Obviously, there’s a lot more that can be done to HModule, such as supporting release of ownership, reassignment, etc. However, by using RAII classes like HModule exclusively, you will immediately reap the gains of less thought about resource management, fewer bugs, and you will be one step closer towards exception safety.

BTW, if you don’t want to go to the trouble of writing RAII classes, there’s also ScopeGuard.

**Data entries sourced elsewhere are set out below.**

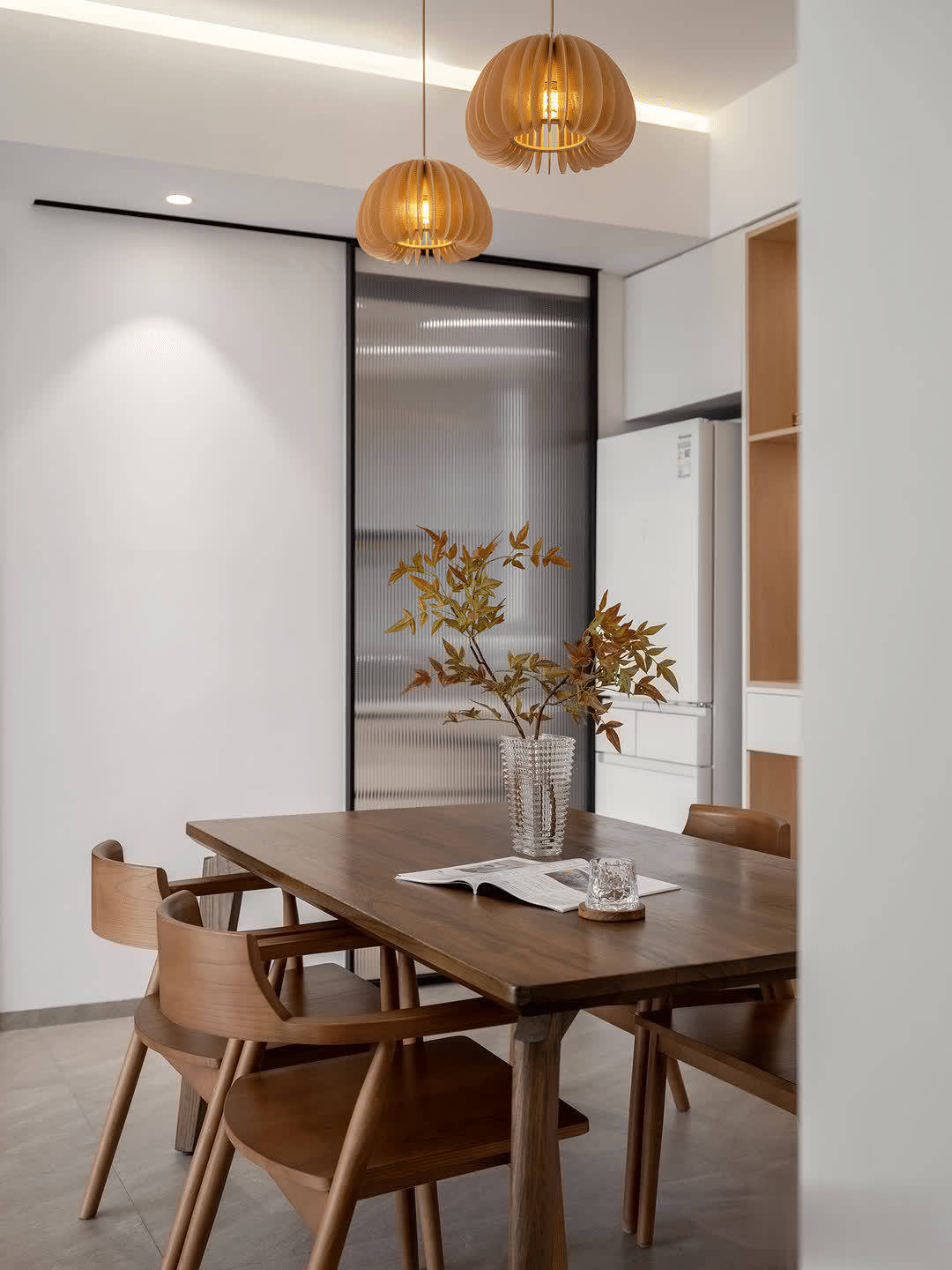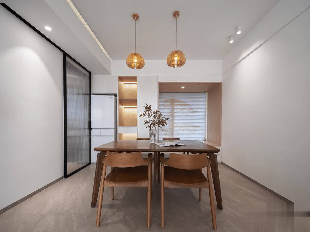 整个餐厅除了餐桌餐椅,就没有过多的家具,甚至连装饰画都没有。小哥不断给空间减负,看后让人一身轻松。但绿植不能少,在餐桌上,在客厅里都有绿色植物,营造出清新的空间环境。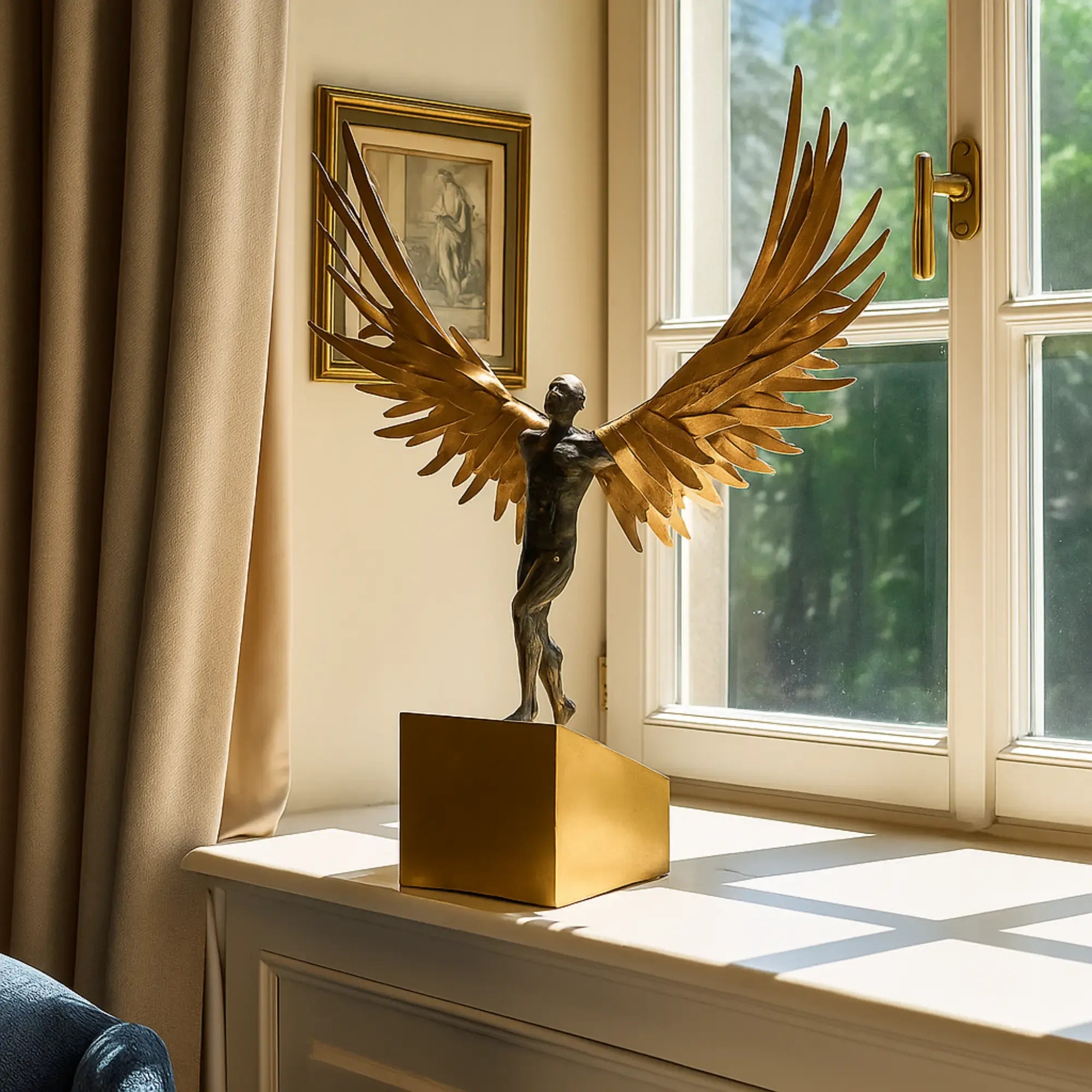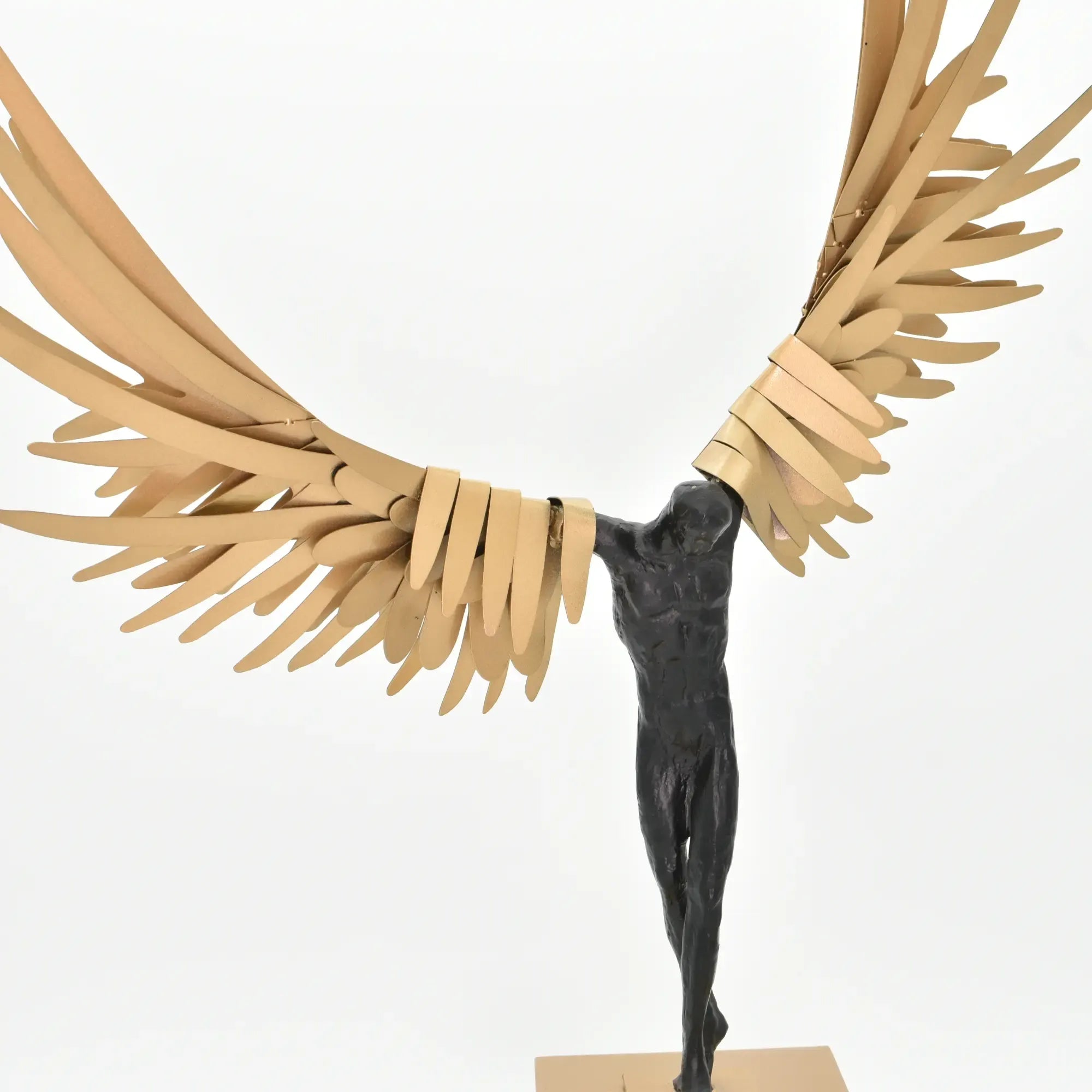 Detailliert und dynamisch gestaltet – die menschliche Figur mit ausgebreiteten Flügeln verkörpert Aufbruch, Stärke und Freiheit. Ein modernes Kunstobjekt mit symbolischer Tiefe.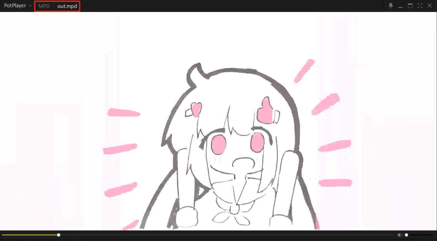 接下来我们用播放软件 PotPlayer 或 VLC 打开 out.mpd 清单文件即可加载各段内容完整播放: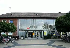 In 1916 a new entrance building was built. This was almost completely destroyed in the Second World War along with the other facilities at the station on 23 March 1945.[9] 100 years after the opening of the first station, the current station building was opened on 10 July 1956. It is a two-story building with a flat hip roof. The counter area, which is two storeys high, is marked by a limestone framed glass facade.[10]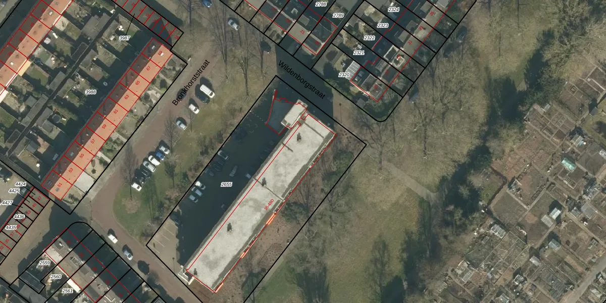 Het perceel waarop Wildenborgstraat 38-A staat heeft een oppervlakte van 2740 m². Dit is een zeer groot perceel. De perceeloppervlakte wordt geregistreerd door het Kadaster. Gedetailleerde informatie over de maten van dit perceel kunt u vinden in het rapport Kadastrale kaart met maatvoering van Wildenborgstraat 38-A.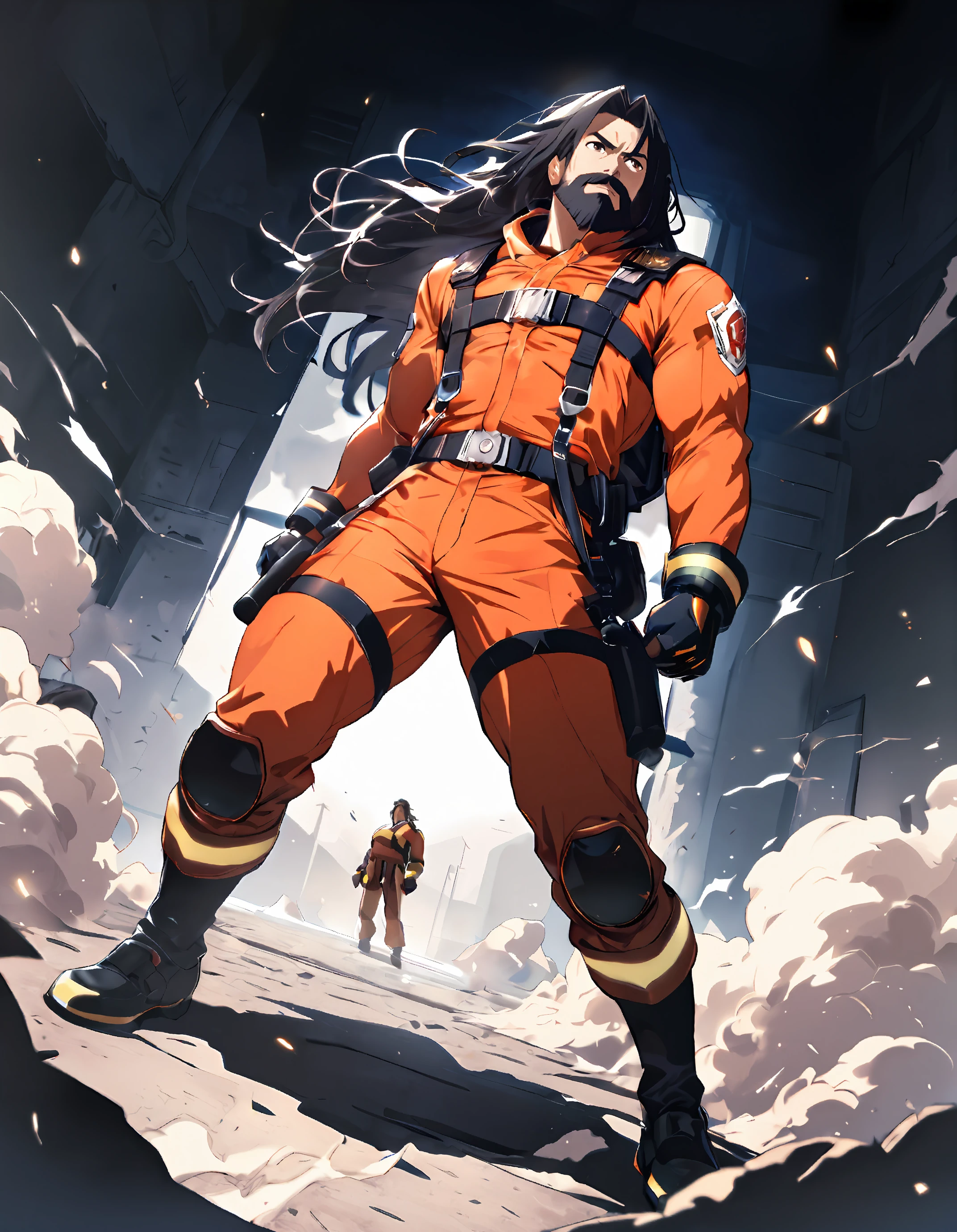 Pierre Blanc, a French boy, masculine, hairy, with a beard and long hair. He is a firefighter.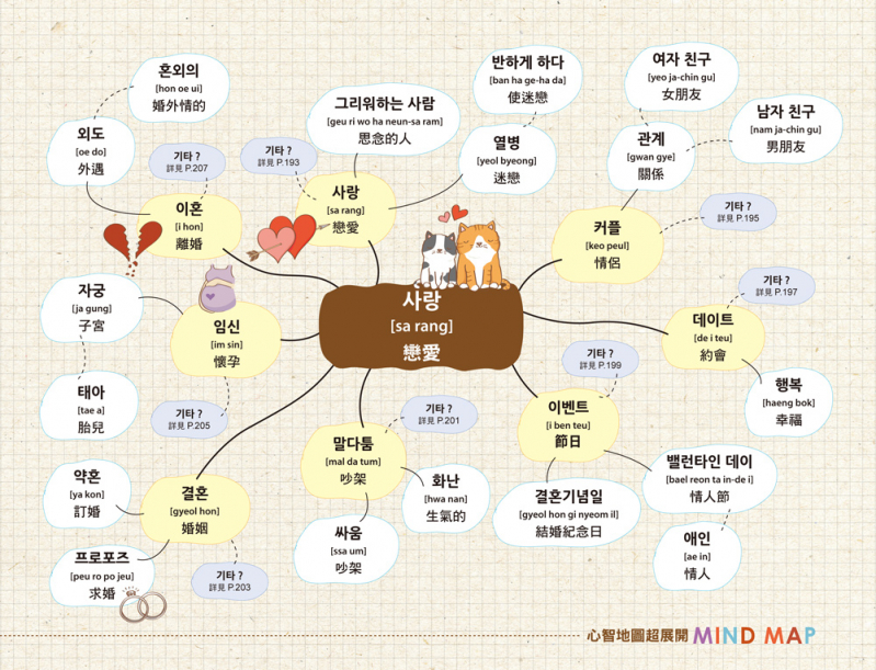 ★17張心智地圖拉頁 根據心理學家的研究:若透過心智地圖的歸納及整理,便能有效將資訊放進長期記憶中,臨時需要時即可快速從中搜尋,擺脫以往的填鴨式記憶,讓腦中訊息不再像是垃圾堆般雜亂無章。 ★5,000個單字一定用得到 由17張心智圖拉頁延伸出5,000個單字,每一個單字都是生活中一定用得到的,從生活中學習最有效率!因為一定用得到,所以絕對要學好!這5,000個單字一定夠你在韓國走跳! ★超道地韓語會話句 不同於坊間的單字書,會話句總是無聊、不實用,本書的每個主題都有由韓籍老師精心撰寫的實用會話句,讓你學會單字後也能懂得靈活運用於會話句中。 ★專家講解心智圖教學課程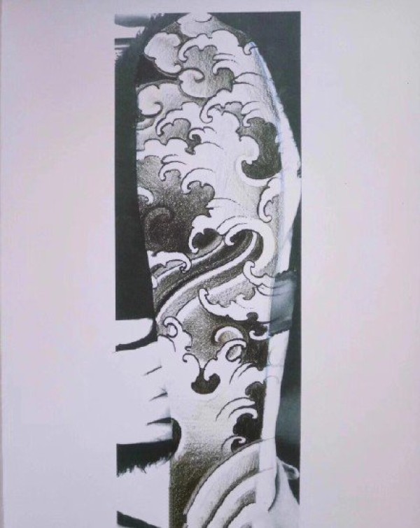 谭维维纹身花臂 明星手臂上黑灰色的浪花纹身图片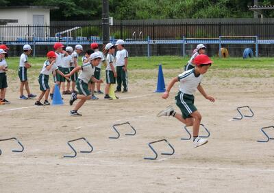 2年生は、校庭で体育です。ミニハードル走です。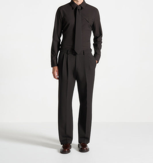 BLACK TAILORED SET (RELAXED SHIRT + PLEATED TROUSERS)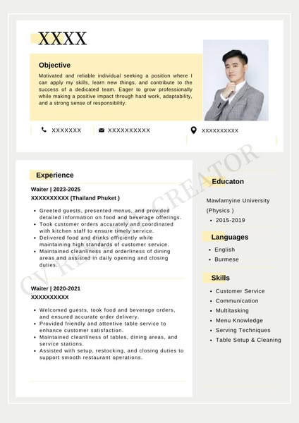 搜索关键词 resume writing service, cover letter service, visa application documents, school application support, career consulting myanmar, job agency services,sop writing, personal statement, myanmar job opportunities优势 Customizable for various purposes (job applications, school applications, visa applications),Wide range of services offered (resume, cover letter, portfolios, etc.),Support for overseas school applications (SOP, Personal Statement),New resume designs available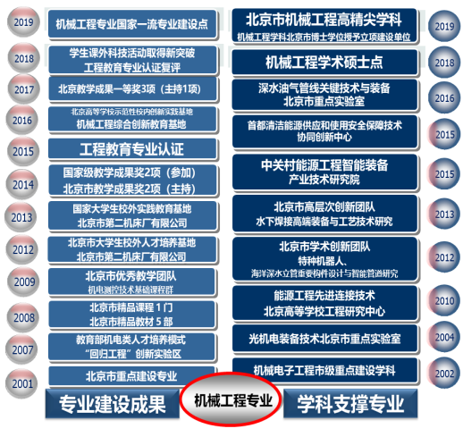 機械工程專業是2個國家級工程實踐和仿真實驗教學中心,國家級校外實踐基地,2個北京市校外人才培養基地的支撐專業。教學體系中含一門國家級一流課程和一門北京市精品課程。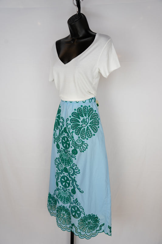 Farm Rio Light Blue w/ Green Embroidery Midi Skirt (HAS MATCHING TOP)
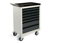 - Тележка укомплектована лотком с противоскользящим ковриком и эргономичной ручкой,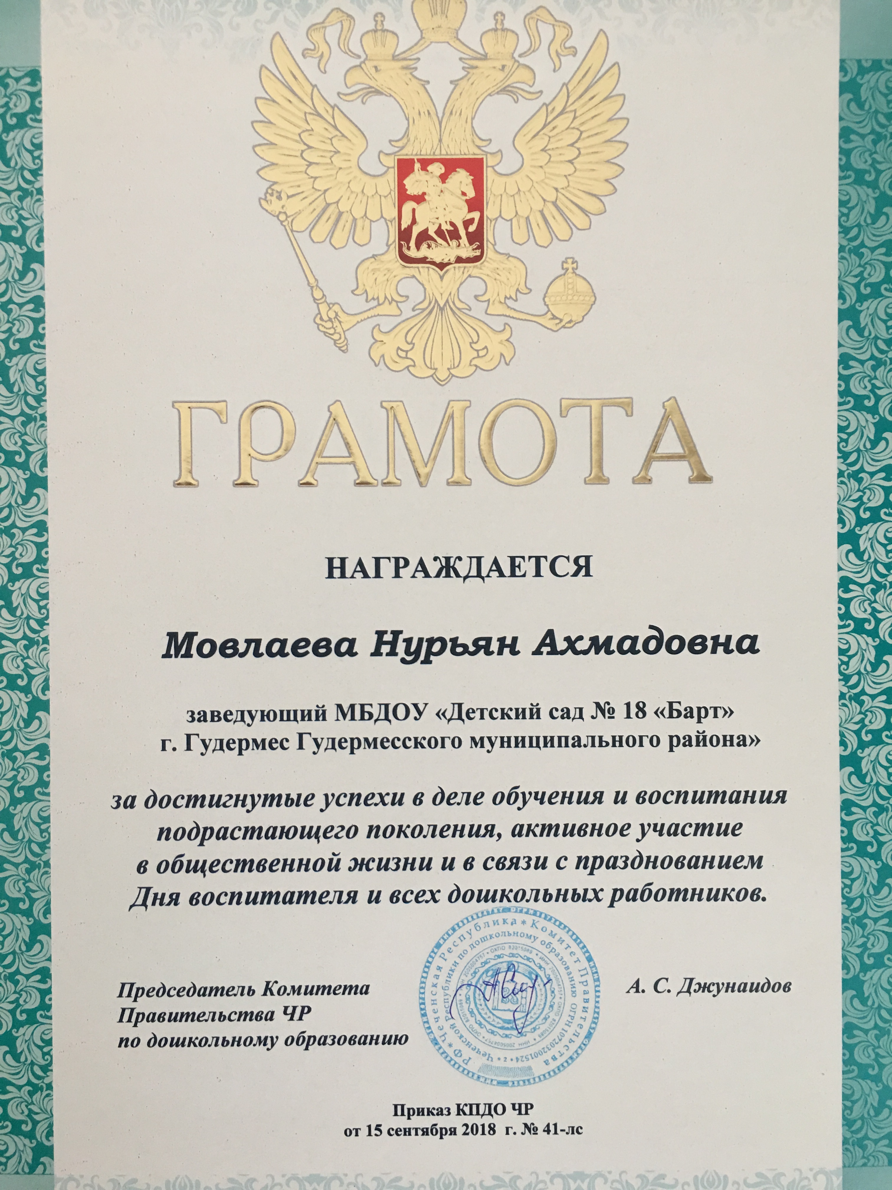 29.09.201829 сентября прошёл профсоюзный форум, на котором наш заведующий был награждён грамотой: за достигнутые успехи в деле обучения и воспитания подрастающего поколения, активное участие в общественной жизни и в связи с празднованием Дня воспитателя и всех дошкольных работников. Для нас большая честь и гордость, работать в одной команде с таким руководителем!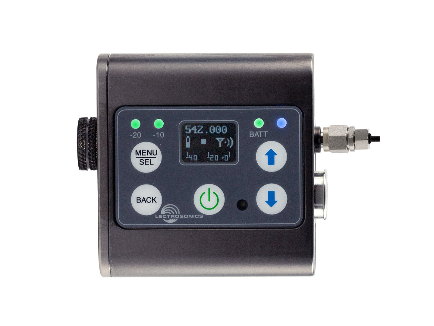 Die Eingangssektion verfügt über die einzigartige Lectrosonics Servo-Bias-Eingangsschaltung mit einer Standard TA5M-Buchse zur Verwendung mit Elektret-Lavaliermikrofonen, dynamischen Mikrofonen oder Line-Pegel-Signalen. Ein DSP-gesteuerter analoger Audio-Limiter wird vor dem ersten Mikrofonvorverstärker eingesetzt, um die gesamte Audiokette vor Übersteuerung zu schützen. Der Limiter verfügt über einen Bereich von mehr als 30 dB für einen exzellenten Übersteuerungsschutz und eine doppelte Release-Hüllkurve, die den Limiter akustisch transparent macht und gleichzeitig eine geringe Verzerrung bei kurzen Transienten und länger andauernden Spitzenwerten gewährleistet.

Beware File Open/Save Dialogs: They May Change The Current Directory

On some Windows operating systems (primarily Windows 95, 98, and ME), GetOpenFileName() and GetSaveFileName() (and wrappers of these functions such as MFC’s CFileDialog) will permanently change the process’s current working directory unless the OFN_NOCHANGEDIR option is specified. As you can imagine, this can easily break your application if you ever rely on the current working directory being set to a particular value (such as if you open files using relative paths).

Of course, it is best to eliminate any such current working directory assumptions from your application completely.

Be Careful With Bitfields

Consider the following piece of code (adapted from a real-world bug):

BOOL IsDirectory(LPCTSTR strPathName)
{
    DWORD dwAtts = GetFileAttributes(strPathName);
    if (dwAtts == INVALID_FILE_ATTRIBUTES)
        return FALSE;
    return (dwAtts == FILE_ATTRIBUTE_DIRECTORY);
}

This function will work most of the time, but every now and again it will run across a directory which it will claim isn’t one. Why?

The problem is caused because dwAtts is a bitfield (see the GetFileAttributes() documentation). Simple equality comparison isn’t appropriate, as if the directory has any other attributes (such as compressed, hidden, offline, etc.) the comparison will fail.

To test if a bit is set in a bitfield, use code of the form (dwAtts & FILE_ATTRIBUTE_DIRECTORY) == FILE_ATTRIBUTE_DIRECTORY or (dwAtts & FILE_ATTRIBUTE_DIRECTORY) != 0.